Come le Soprintendenze, anche gli Istituti autonomi dovranno assolvere ad adempimenti burocratici non semplici, sia nella fase di costituzione, che di funzionamento, spesso con problemi di sede, archivi, laboratori e servizi che prima erano comuni con gli Istituti da cui sono derivati, con la conseguenza che gli uni o gli altri non potranno più utilizzare questi servizi e archivi prima comuni, rimanendo privati delle importanti fonti documentali per lo svolgimento di ogni genere di attività.
Non appare dunque valido, anche dal punto di vista logistico, il modello che, nell’ossessione della creazione di sempre maggiori autonomie, produce una moltiplicazione di incombenze burocratiche per realtà che potrebbero essere gestite in un’unica istituzione, pure autonoma ma culturalmente omogenea e in modo funzionale all’economia delle risorse con servizi centralizzati.
Non si può tacere sulle scelte delle figure di Direttori e Superdirettori (per Istituti di II e I fascia) fatte con una procedura singolare che non risponde a criteri di piena trasparenza, lasciando un margine di discrezionalità al Ministro o al Direttore Generale del momento che decide tra una rosa di tre nomi dopo una selezione di 10 candidati scelti da una commissione nominata dal ministro, tra tutti coloro che hanno presentato la propria candidatura. Perché non procedere a questa selezione con concorsi pubblici in grado di garantire oltre alla qualità, anche maggiore indipendenza dal potere politico, graduatorie pluriennali alle quali attingere senza nuovi oneri, dignità e diritti?
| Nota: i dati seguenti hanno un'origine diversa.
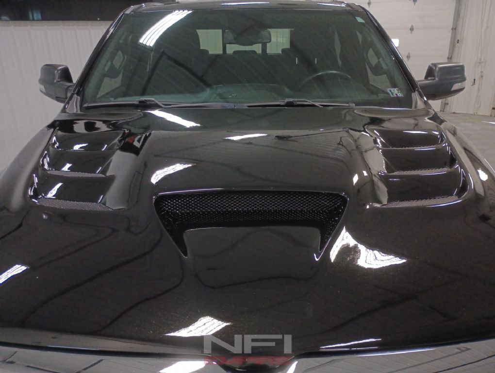 The suspension has been upgraded with a 4-inch lift along with Rough Country Vertex fully adjustable coilover shocks, giving the truck a more aggressive stance while still keeping it usable on the street. Additional exterior upgrades include a custom air induction hood, molded fender flares, tailgate spoiler, push bar with LED light bar, tinted windows, black window visors, AMP electric retractable running boards, and a Flex hard tri-fold bed cover. The result is a truck that stands out visually while still offering the function expected from a modern full-size pickup.

Difficile, a volte, comprendere le scelte fatte, se, come viene dichiarato, la selezione è basata sul curriculum migliore e sulla conoscenza specifica per i contenuti dell’istituto per il quale si concorre. E’ strano inoltre che solo pochi tra i professionisti dell’amministrazione risultino nelle selezioni, professionisti che hanno superato concorsi effettivi per entrare nei ruoli, in possesso di requisiti e titoli di specializzazioni richiesti, con anni di esperienze di direzione di lavori di restauri, di scavi, di musei, monumenti e siti, spesso con l’applicazione di metodologie e soluzioni innovative. Quale carriera professionale si offre a queste figure, destinate a lavorare sotto direzioni spesso bizzarre, in strutture più limitate e quindi con minori opportunità di crescita professionale, un po’ “ingannate” da esordi promettenti che lasciavano giustamente sperare in opportunità di carriera?
Di contro, non è stato bandito alcun concorso per il ruolo di Soprintendente, pur essendovi numerose sedi vacanti, in alcuni casi con incarichi ad interim, mentre sarebbe importante comprendere come si intenda risolvere il problema in presenza di Soprintendenze uniche. Sarà un archeologo, un architetto, uno storico dell’arte, un archivista, un amministrativo a prendere cura della tutela?
Da ultimo, ma senza aver esaurito gli argomenti, si deve osservare, se pur ormai solo a titolo di mera considerazione, che si sono create discriminazioni eccessive tra Istituti ricchi e Istituti che, in grave indigenza, non riescono a provvedere neppure alle necessarie forniture di materiale, tanto meno alle opere conservative con la manutenzione programmata che dovrebbe essere alla base di ogni buona gestione del patrimonio. Gli effetti sono visibili. Mentre si continuano a esibire i numeri dei visitatori!